Blacksad: Under The Skin (2019)

Like Spider-Man Noir, Blacksad started as a comic before making its way to other mediums. Comics are the perfect place to explore a concept that may be too far-out for mass consumption. John Blacksad, the handsome cat detective, found a loyal following on the printed page, which gave him the perfect jumping-off point into gaming in 2019. Similar to the cinematic Telltale point-and-click library, Blacksad’s game mixes cut scenes with environmental investigation to tell a serious story about shades of grey morality in a world where nearly no one is exactly what they seem.
Chicken Police – Paint it RED! (2020)
Debuting the very next year, the Chicken Police series went even harder with the grizzle, drizzle, and grime than Blacksad. Its largely black-and-white graphics depicted semi-realistic animal heads plopped creepily onto human bodies living in a dark city packed with heavy drinking, heavier regrets, and even the occasional flash of skin (and fur). Starring disgraced rooster cop Sonny Featherhead, Chicken Police—Paint it RED!, the first game in the franchise, also features a frustrating number of mini-games that could take you out of the moody atmosphere. This misstep was largely corrected with the spin-offs and sequels like Zipp's Café, Chicken Police- Into The HIVE!, Moses and Plato – Last Train To Clawsville, and the upcoming WILD Tactics, the current catalog of titles in the interconnected World of Wilderness universe.
Tails Noir (2021)
Originally entitled Backbone, this pixel art point-and-click got its start on Kickstarter before being picked up by publisher Raw Fury and given a new name that leaves no question of its intentions. Inspired by a real-life racoon attack, and speaking to real-life frustrations over the inequalities thrust upon marginalized groups, Tails Noir opens in an alternate-universe version of Vancouver where, as in every other game on this list, animals wear clothes and solve mysteries. But unlike some of the other games here, Tails Noir gets into exactly how this strange version of reality came to be. Uncovering the origins of animal-human hybrids and society’s broken nature are the secret underlying goals of this cozy-looking adventure.
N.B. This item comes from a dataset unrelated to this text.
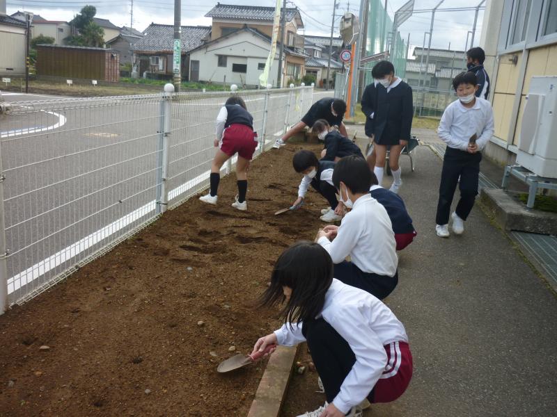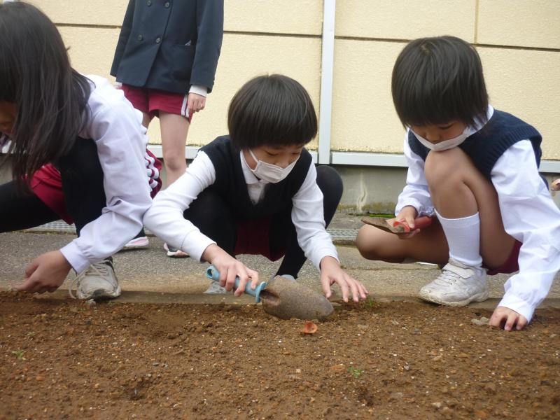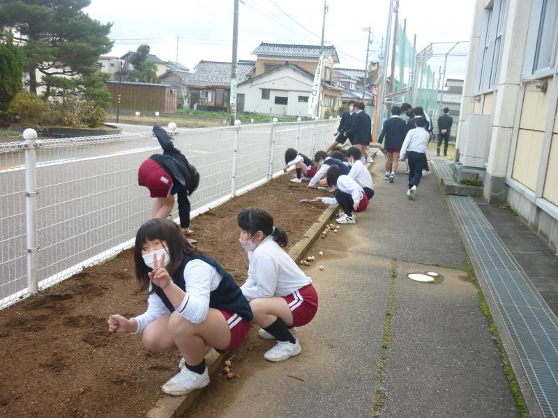 13日 お昼休みにボランティアでチューリップの球根植えをしました。久しぶりの晴れの日でいっぱい遊びたい気持ちがある中、多くの子ども達がボランティアにきてくれました。来年の春が楽しみです。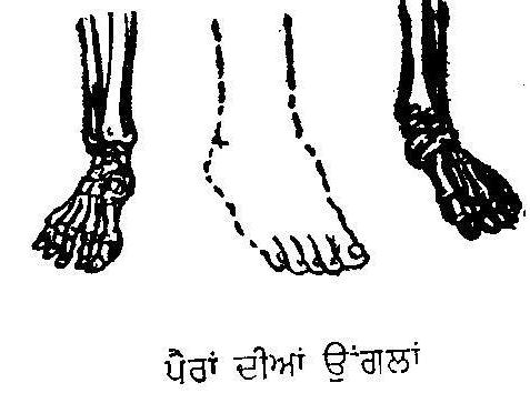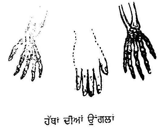ਪੰਜ ਉਂਗਲੀਆਂ ਕਦੇ ਬਰਾਬਰ ਨਹੀਂ ਹੁੰਦੀਆਂ । ਹਰ ਉਂਗਲੀ ਦੀ ਲੰਬਾਈ, ਆਪਣੇ ਕੰਮ ਤੇ ਸਥਾਨ ਮੁਤਾਬਕ ਵੱਖਰੀ ਹੈ। ਹੱਥ ਦੀ ਬਾਹਰ ਵਾਲੀ ਪਹਿਲੀ ਉਂਗਲੀ ਮੋਟੀ ਤੇ ਛੋਟੀ ਹੁੰਦੀ ਹੈ। ਇਸਨੂੰ ਅੰਗੂਠਾ ਆਖਦੇ ਹਨ। ਇਹ ਸਭ ਤੋਂ ਵਧ ਲੋੜੀਂਦੀ ਤੇ ਫੁਰਤੀਲੀ ਹੈ। ਇਸਦੇ ਨਕਾਰੇ ਹੋ ਜਾਣ ਤੇ ਹੱਥ ਦੀ ਕਾਰਜ ਸ਼ਕਤੀ ਅੱਧੀ ਹੋ ਜਾਂਦੀ ਹੈ। ਬਾਕੀ ਚਾਰ ਉਂਗਲੀਆਂ ਦੀ ਰਲ ਕੇ ਅੱਧੀ ਕਾਰਜ-ਸ਼ਕਤੀ ਰਹਿ ਜਾਂਦੀ ਹੈ। ਇਨ੍ਹਾਂ ਦੇ ਨਾਂ ਇਸ ਪਰਕਾਰ ਹਨ, ਮੂਹਰਲੀ (index finger) ਗਭਲੀ (middle), ਅੰਗੂਠੀ ਵਾਲੀ ਉਂਗਲੀ (ring finger) ਅਤੇ ਚੀਚੀ (little finger)

Lord Winklebottom Investigates (2022)
This farcical, Sherlock Holmes-inspired hidden object and puzzle mystery is even more direct in its coziness. Dialing the clock back all the way to the 1920’s, Lord Winklebottom and his tea-sipping hippopotamus sidekick Dr. Frumple are so incredibly English that you almost smell the “Hello Guv’nor!” wafting off their zoo-ready bodies. However, beneath the genteel, old-timey exteriors lurks a story of murder most foul. Or should we say, fowl? It could be, as everyone from priestly sea lions to peculiar pelicans could be a suspect. Interrogating onlookers and poking at anomalies gradually uncovers twists and turns similar to those found in Tails Noir—though here, they’re explored with a much lighter, even comical tone.
Mouse P.I. For Hire (2026)
The most recent game on this rolodex is the only one to completely forego any pointing and clicking, instead favoring the FPS genre. Inspired by Cuphead and the classic Steamboat Willy-era animation that kicked off the “rubber hose animation” style in the first place, Mouse P.I. impresses with its capacity to make flat, simple shapes come alive in three dimensions, all with wall-to-wall violence and plenty of tongue-in-cheek references to more mature media. As you may expect from this list, there’s whisky, corruption, and classic jazz aplenty… but when you unlock a chainsaw made of bones that sets enemies on fire, it becomes clear that Mouse P.I. is just as enamored with Doom as it is Disney.